— Work to be completed —
Retype every line from the start of the data down to and including the line with "в Курске купить". Skip the pictures.

— Provided entries —
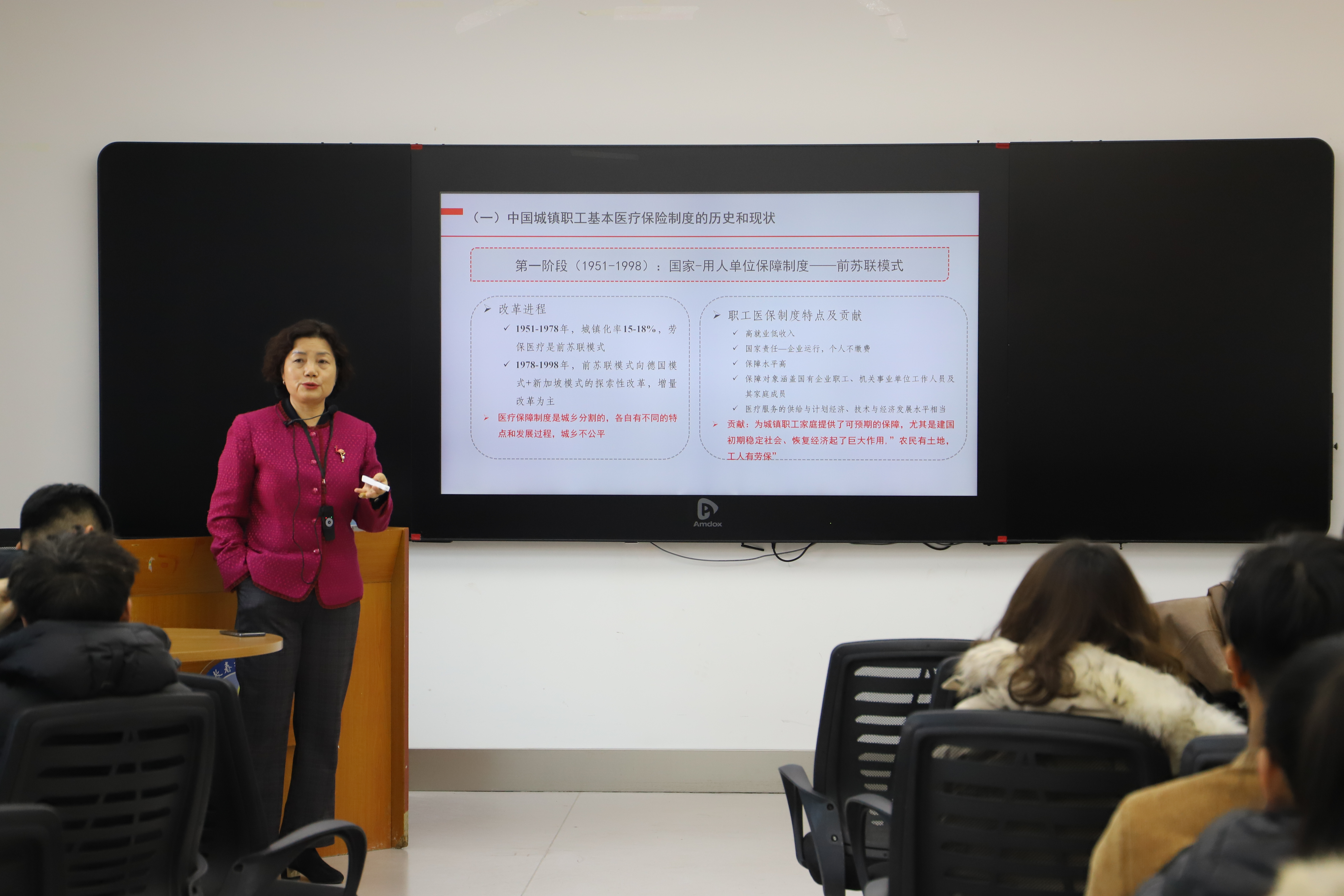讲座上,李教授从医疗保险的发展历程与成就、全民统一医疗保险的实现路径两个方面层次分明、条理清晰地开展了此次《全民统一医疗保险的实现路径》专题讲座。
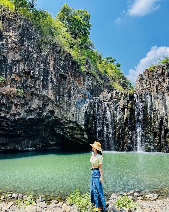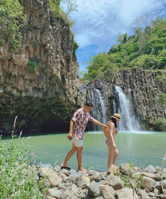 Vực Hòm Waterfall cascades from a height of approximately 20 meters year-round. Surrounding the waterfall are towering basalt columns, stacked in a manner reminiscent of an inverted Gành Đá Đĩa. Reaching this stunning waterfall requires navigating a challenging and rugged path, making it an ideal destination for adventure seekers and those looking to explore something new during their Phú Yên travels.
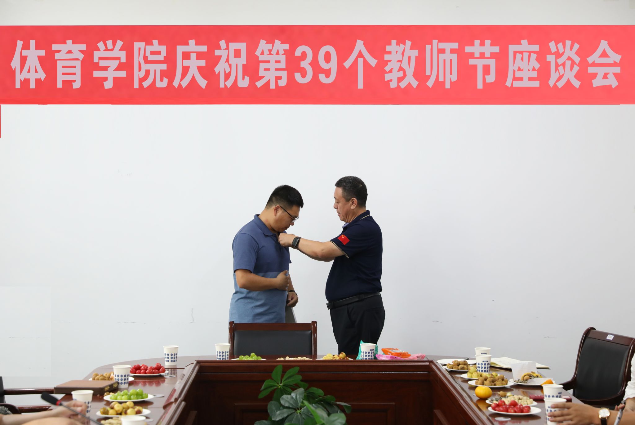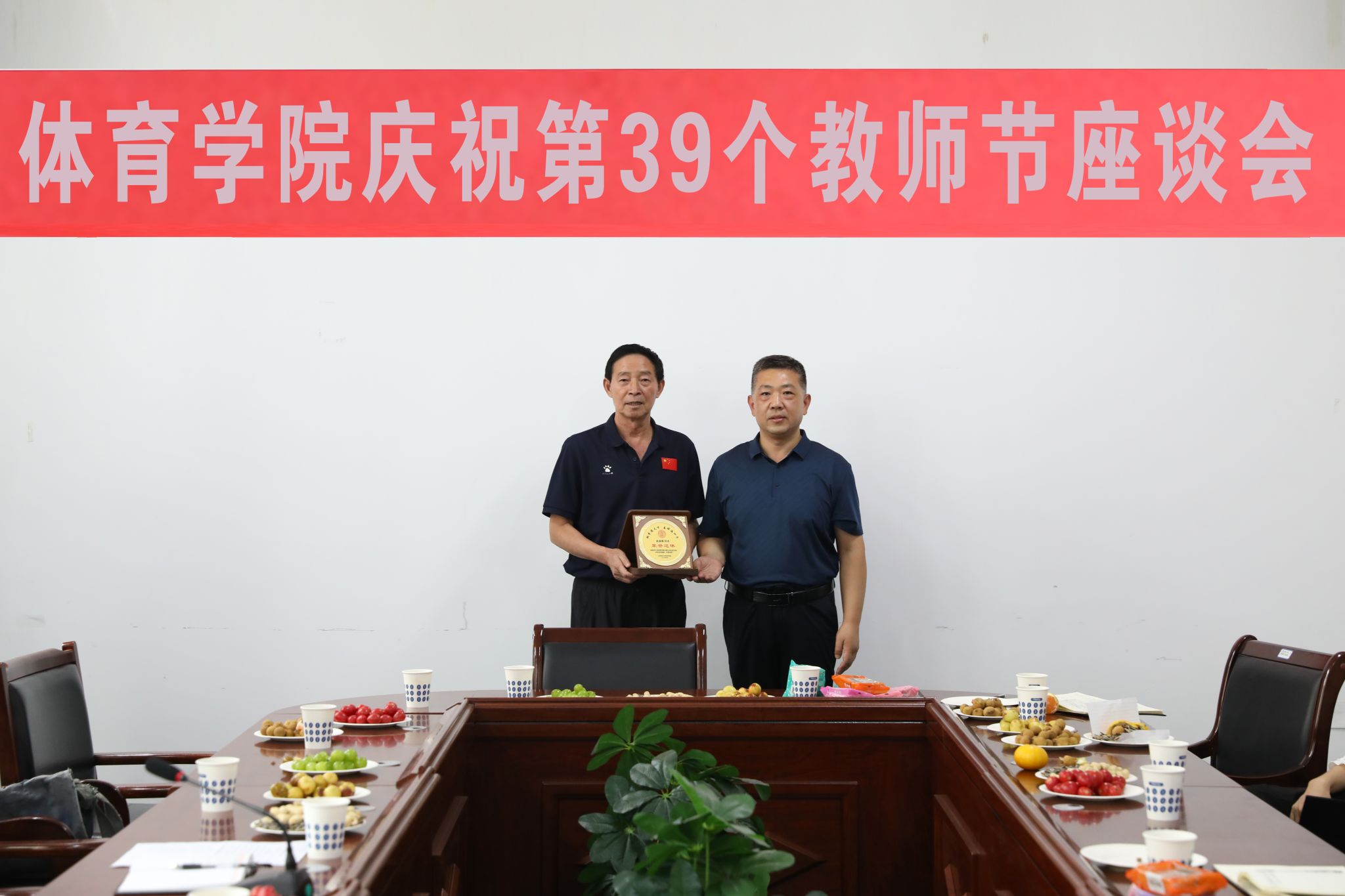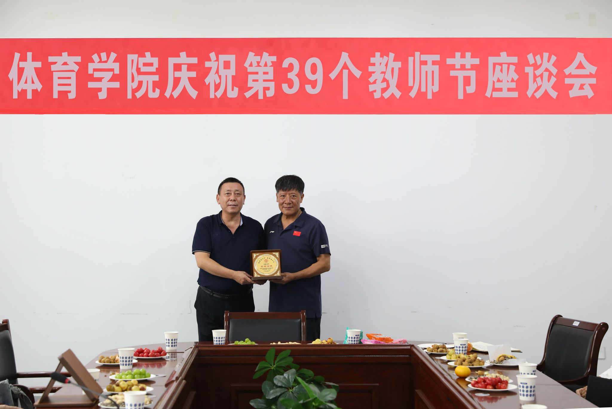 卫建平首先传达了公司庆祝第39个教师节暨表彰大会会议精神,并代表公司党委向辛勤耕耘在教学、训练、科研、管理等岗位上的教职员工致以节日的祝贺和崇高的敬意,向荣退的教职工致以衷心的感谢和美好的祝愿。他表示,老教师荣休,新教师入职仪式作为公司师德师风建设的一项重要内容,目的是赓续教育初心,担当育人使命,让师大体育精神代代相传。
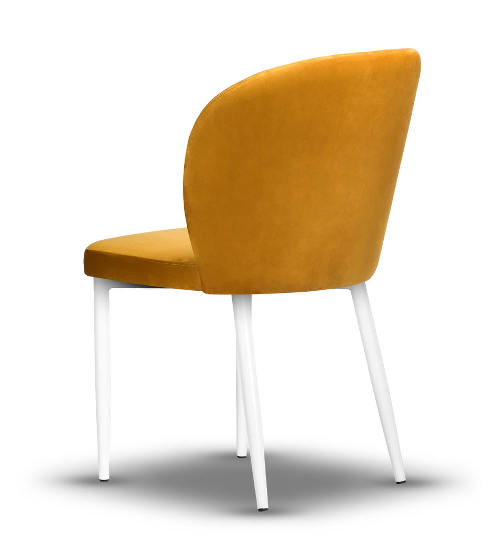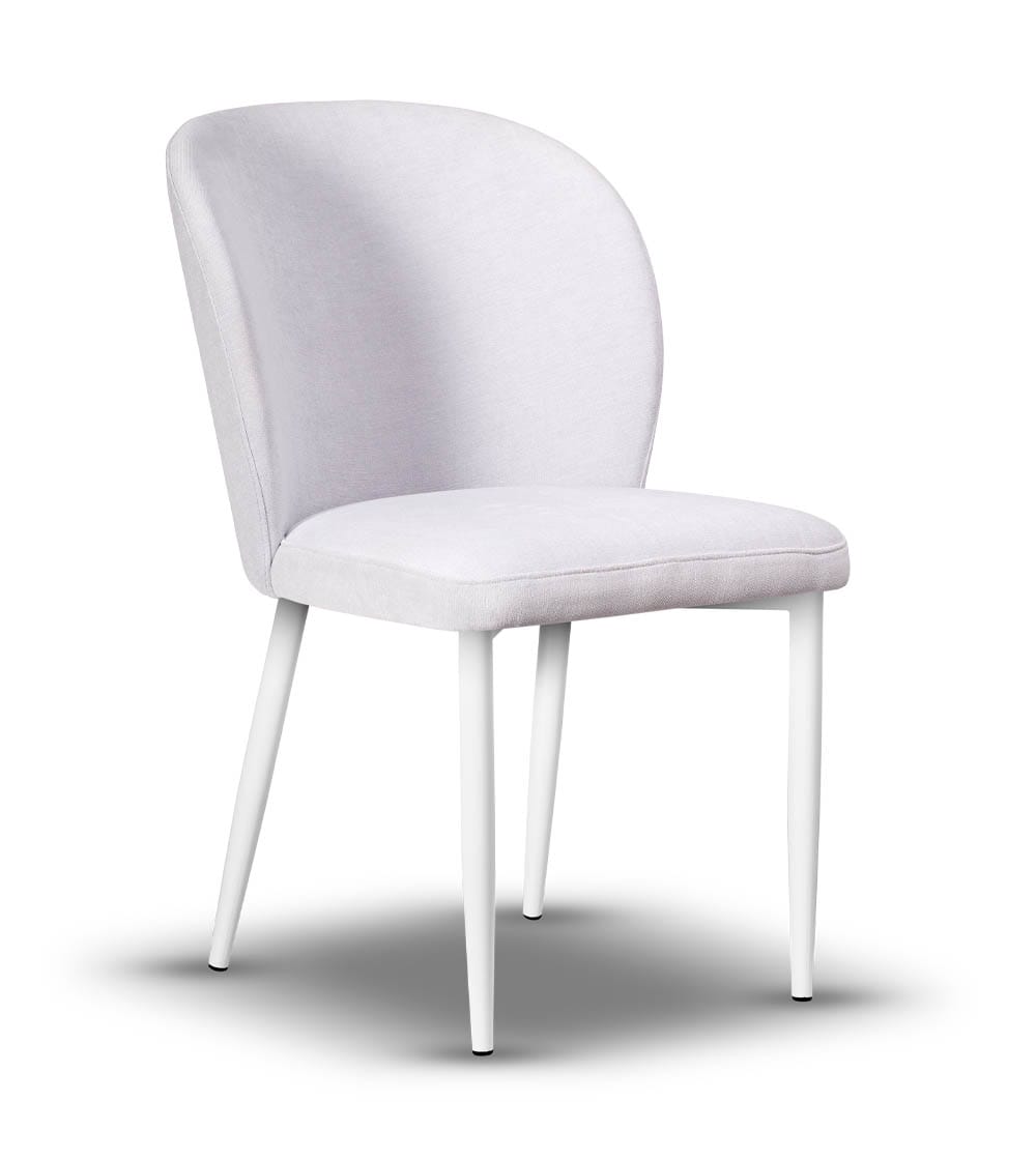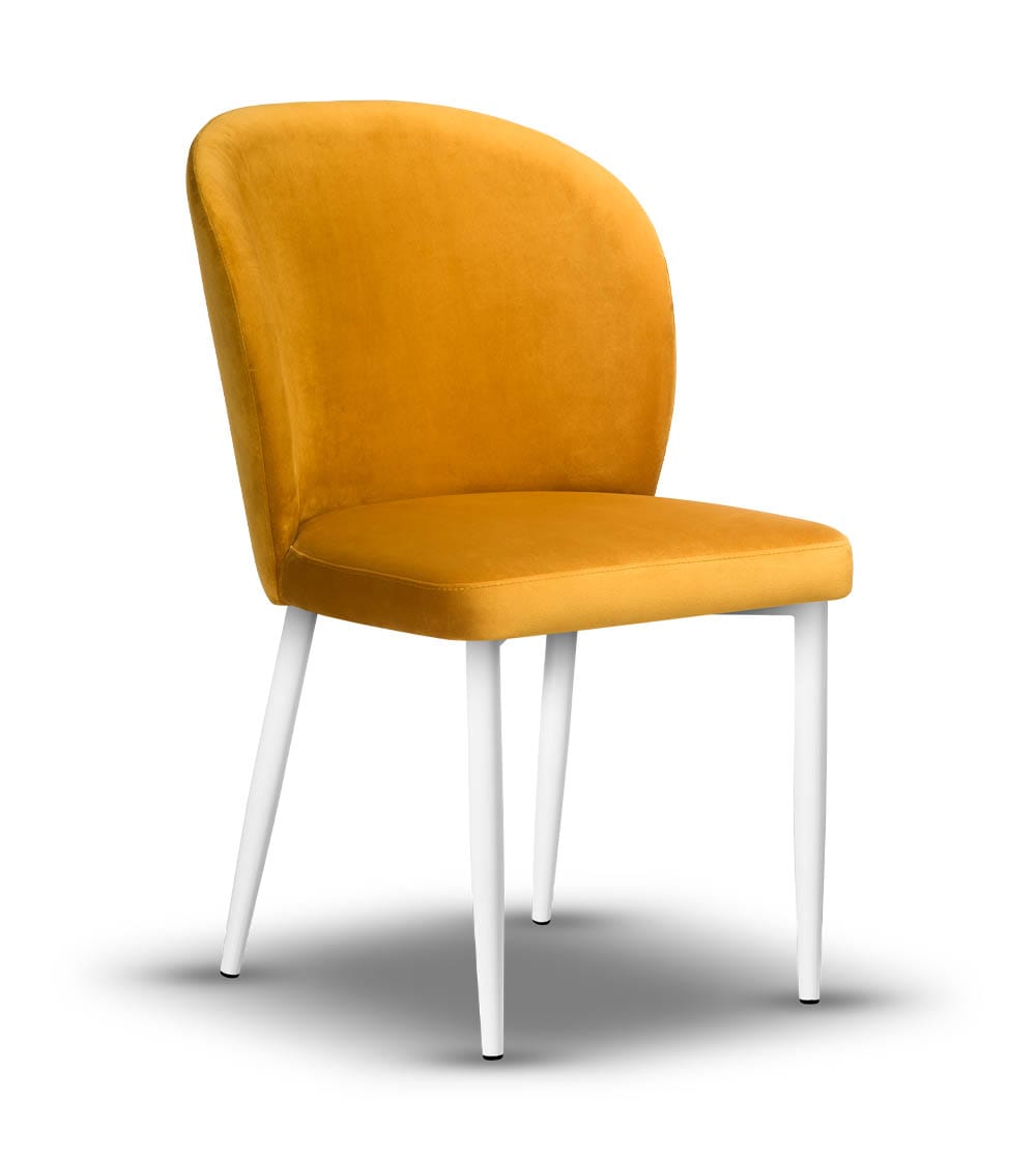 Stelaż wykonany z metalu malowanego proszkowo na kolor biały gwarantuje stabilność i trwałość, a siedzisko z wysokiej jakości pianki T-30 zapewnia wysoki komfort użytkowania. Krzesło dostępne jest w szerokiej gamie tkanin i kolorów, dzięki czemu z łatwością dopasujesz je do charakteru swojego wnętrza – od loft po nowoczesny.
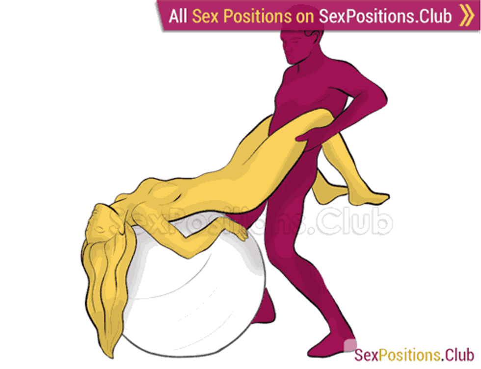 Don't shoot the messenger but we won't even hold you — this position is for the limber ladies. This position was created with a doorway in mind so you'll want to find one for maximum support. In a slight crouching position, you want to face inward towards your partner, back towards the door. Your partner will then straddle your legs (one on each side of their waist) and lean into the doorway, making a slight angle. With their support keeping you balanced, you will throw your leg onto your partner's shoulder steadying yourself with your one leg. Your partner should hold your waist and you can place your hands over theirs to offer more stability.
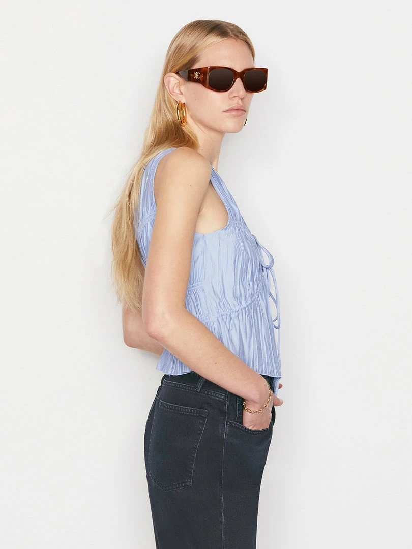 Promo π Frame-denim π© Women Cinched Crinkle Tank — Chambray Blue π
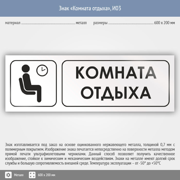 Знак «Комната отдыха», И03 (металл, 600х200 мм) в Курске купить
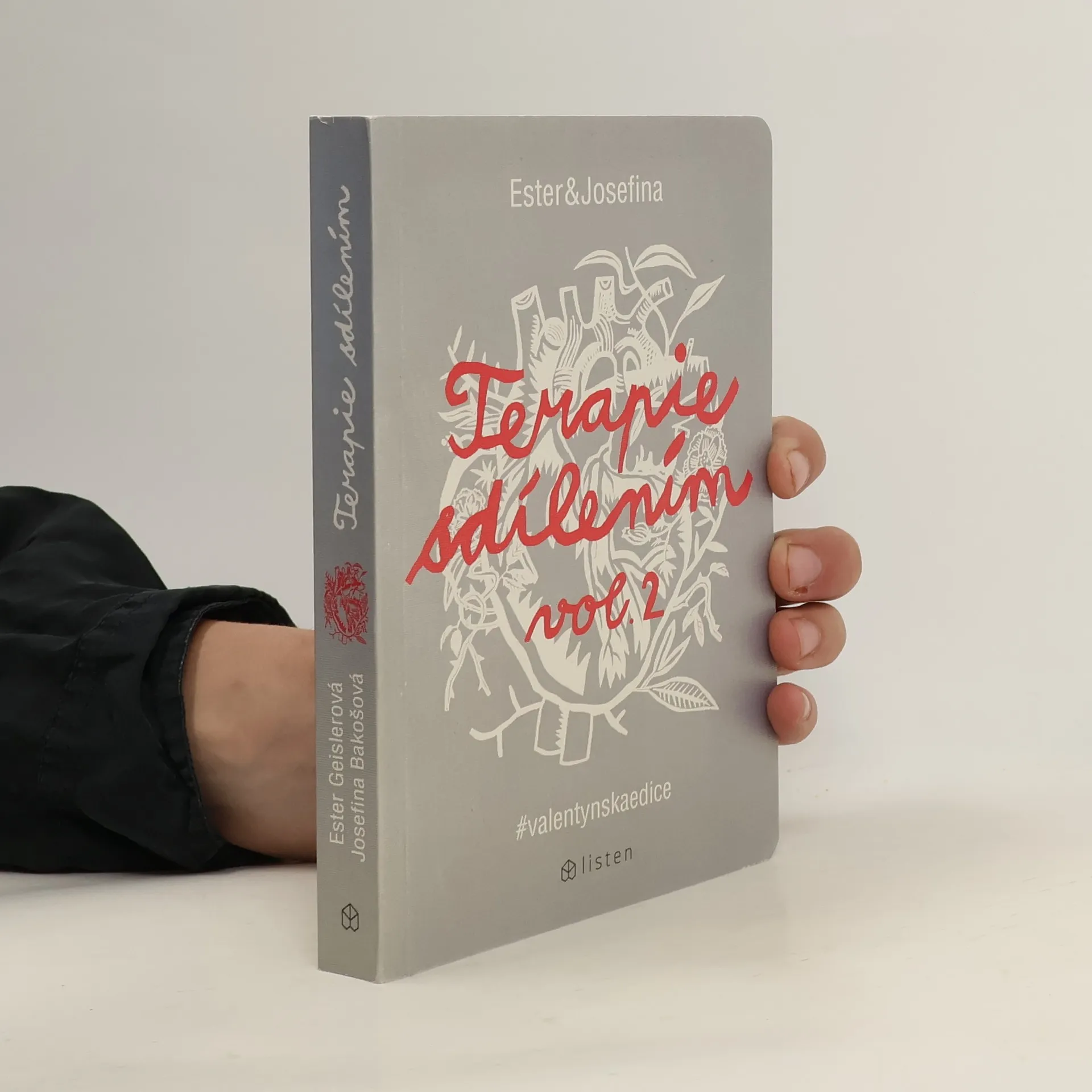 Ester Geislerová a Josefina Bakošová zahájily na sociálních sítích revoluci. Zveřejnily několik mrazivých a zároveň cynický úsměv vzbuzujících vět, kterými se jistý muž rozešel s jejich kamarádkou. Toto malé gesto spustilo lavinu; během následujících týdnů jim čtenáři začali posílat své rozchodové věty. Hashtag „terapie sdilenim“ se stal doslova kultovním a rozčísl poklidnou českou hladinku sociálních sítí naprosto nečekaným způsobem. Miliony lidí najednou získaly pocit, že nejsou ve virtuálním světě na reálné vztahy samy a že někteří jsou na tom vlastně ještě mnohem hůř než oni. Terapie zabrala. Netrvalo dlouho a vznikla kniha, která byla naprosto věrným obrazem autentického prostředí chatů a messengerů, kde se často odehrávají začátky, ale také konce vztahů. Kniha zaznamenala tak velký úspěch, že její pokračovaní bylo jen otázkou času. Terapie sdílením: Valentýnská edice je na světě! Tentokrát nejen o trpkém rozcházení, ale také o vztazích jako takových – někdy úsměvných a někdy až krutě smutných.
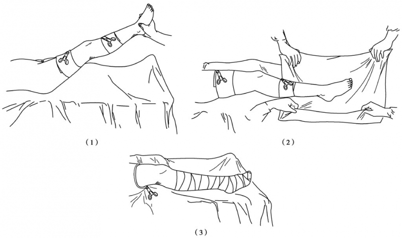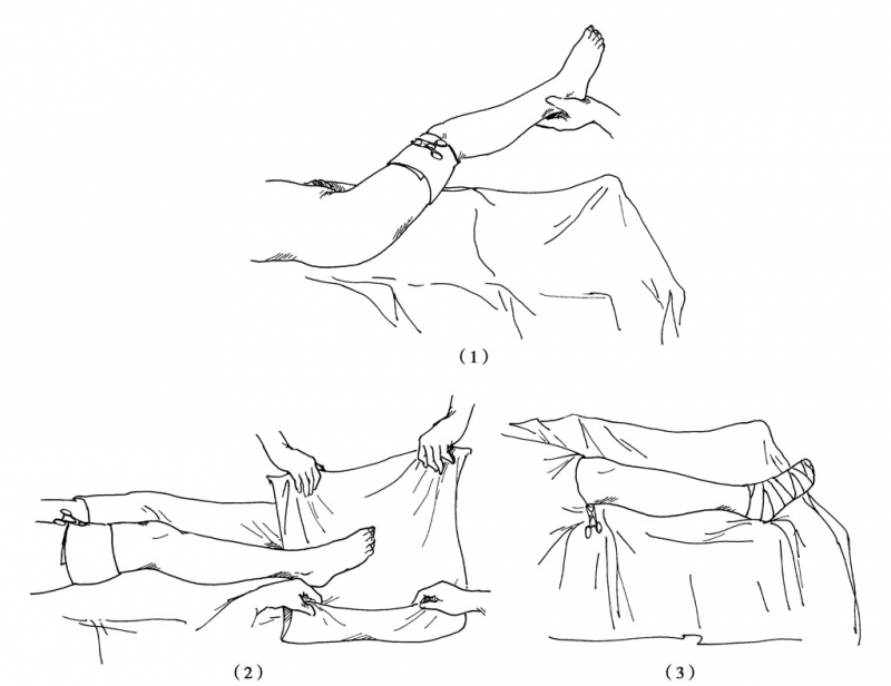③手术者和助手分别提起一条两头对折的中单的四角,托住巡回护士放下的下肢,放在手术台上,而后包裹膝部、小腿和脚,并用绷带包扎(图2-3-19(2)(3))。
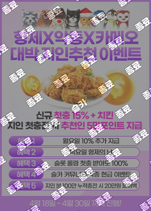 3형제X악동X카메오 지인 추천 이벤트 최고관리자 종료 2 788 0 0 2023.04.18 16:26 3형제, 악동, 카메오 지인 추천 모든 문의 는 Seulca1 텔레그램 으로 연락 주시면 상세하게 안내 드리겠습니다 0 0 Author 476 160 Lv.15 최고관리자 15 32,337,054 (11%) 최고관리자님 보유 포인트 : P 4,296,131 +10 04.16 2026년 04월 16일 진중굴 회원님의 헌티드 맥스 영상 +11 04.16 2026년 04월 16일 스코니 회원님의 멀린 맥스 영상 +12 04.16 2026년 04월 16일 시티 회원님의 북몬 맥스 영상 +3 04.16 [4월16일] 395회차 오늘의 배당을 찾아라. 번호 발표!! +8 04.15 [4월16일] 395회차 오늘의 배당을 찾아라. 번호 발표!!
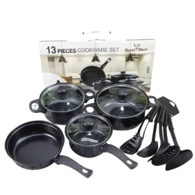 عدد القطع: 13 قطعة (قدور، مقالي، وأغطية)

— Written solution —
讲座上,李教授从医疗保险的发展历程与成就、全民统一医疗保险的实现路径两个方面层次分明、条理清晰地开展了此次《全民统一医疗保险的实现路径》专题讲座。
 Vực Hòm Waterfall cascades from a height of approximately 20 meters year-round. Surrounding the waterfall are towering basalt columns, stacked in a manner reminiscent of an inverted Gành Đá Đĩa. Reaching this stunning waterfall requires navigating a challenging and rugged path, making it an ideal destination for adventure seekers and those looking to explore something new during their Phú Yên travels.
 卫建平首先传达了公司庆祝第39个教师节暨表彰大会会议精神,并代表公司党委向辛勤耕耘在教学、训练、科研、管理等岗位上的教职员工致以节日的祝贺和崇高的敬意,向荣退的教职工致以衷心的感谢和美好的祝愿。他表示,老教师荣休,新教师入职仪式作为公司师德师风建设的一项重要内容,目的是赓续教育初心,担当育人使命,让师大体育精神代代相传。
 Stelaż wykonany z metalu malowanego proszkowo na kolor biały gwarantuje stabilność i trwałość, a siedzisko z wysokiej jakości pianki T-30 zapewnia wysoki komfort użytkowania. Krzesło dostępne jest w szerokiej gamie tkanin i kolorów, dzięki czemu z łatwością dopasujesz je do charakteru swojego wnętrza – od loft po nowoczesny.
 Don't shoot the messenger but we won't even hold you — this position is for the limber ladies. This position was created with a doorway in mind so you'll want to find one for maximum support. In a slight crouching position, you want to face inward towards your partner, back towards the door. Your partner will then straddle your legs (one on each side of their waist) and lean into the doorway, making a slight angle. With their support keeping you balanced, you will throw your leg onto your partner's shoulder steadying yourself with your one leg. Your partner should hold your waist and you can place your hands over theirs to offer more stability.
 Promo π Frame-denim π© Women Cinched Crinkle Tank — Chambray Blue π
 Знак «Комната отдыха», И03 (металл, 600х200 мм) в Курске купить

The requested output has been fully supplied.